I am really new to twitter api, and I've been trying to get a list of IDs of everyone that retweeted a specific tweet.
After several attempts i can't get the 'api.get_retweeter_ids' to get every id. It always seems to get a few. I know there is a limit of 100 per request, but the function just ends there after getting around 50-90 IDs on a tweet with 30k retweets or so.
Here is my code
def get_user_ids_by_retweets(tweetid):
retweeters_ids = []
for i, _id in enumerate(tweepy.Cursor(api.get_retweeter_ids, id=tweetid).items()):
retweeters_ids.append(_id)
print(i, _id)
df = pd.DataFrame(retweeters_ids)
# print(df)
return retweeters_ids
Demo for get all of re tweeter user list (name, id and username)
https://twitter.com/Nike/status/1582388225049780230/retweets
code
import tweepy
import json
def get_user_ids_by_retweets(tweet_id):
# get client with token
bearer_token ="*************************"
client = tweepy.Client(bearer_token=bearer_token)
listUser = []
# get first paging retweet users
retweeters = client.get_retweeters(id=tweet_id)
for retweeter in retweeters.data:
listUser.append({
"name": retweeter.name,
"id": retweeter.id,
"username": retweeter.username
})
next_token = retweeters.meta['next_token']
# get til end of paging retweet users
while next_token != None:
retweeters = client.get_retweeters(id=tweet_id, pagination_token=next_token)
if retweeters.data is not None:
for retweeter in retweeters.data:
listUser.append({
"name": retweeter.name,
"id": retweeter.id,
"username": retweeter.username
})
next_token = retweeters.meta['next_token']
else:
next_token = None
return listUser
def obj_dict(obj):
return obj.__dict__
tweet_id="1582388225049780230"
listUser = get_user_ids_by_retweets(tweet_id)

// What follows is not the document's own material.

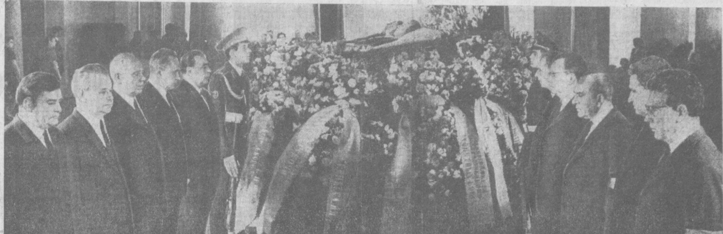
Краснознаменный зал Центрального Дома Советской Армии. В почетном карауле руководители Коммунистической партии и Советского правительства.

Между совхозом № 19 и опытно-конструкторским бюро достигнуто соглашение об осуществлении более широкой шефской помощи.

print(json.dumps(listUser, indent=4, default=obj_dict))
Result
[
{
"name": "valmig",
"id": 1594136795905593344,
"username": "AngelVa00615402"
},
{
"name": "Wyatt Jones",
"id": 764734669434871808,
"username": "TheGhostZeus"
},
{
"name": "Prime Projects",
"id": 1603887705242435584,
"username": "PrimeProjects4"
},
... removed
{
"name": "Ryan Maldonado",
"id": 1419009007688224768,
"username": "RyanMal87509518"
},
{
"name": "Jimmy Daugherty",
"id": 20888017,
"username": "JimmyDaugherty"
},
{
"name": "Nike Basketball",
"id": 5885732,
"username": "nikebasketball"
}
]
Main Idea
Get tweeter API return limited number of tweeters with next_token.
It can be next paging's tweeter by assign to pagination_token.
It can be all of tweeter until 'next_token` is null.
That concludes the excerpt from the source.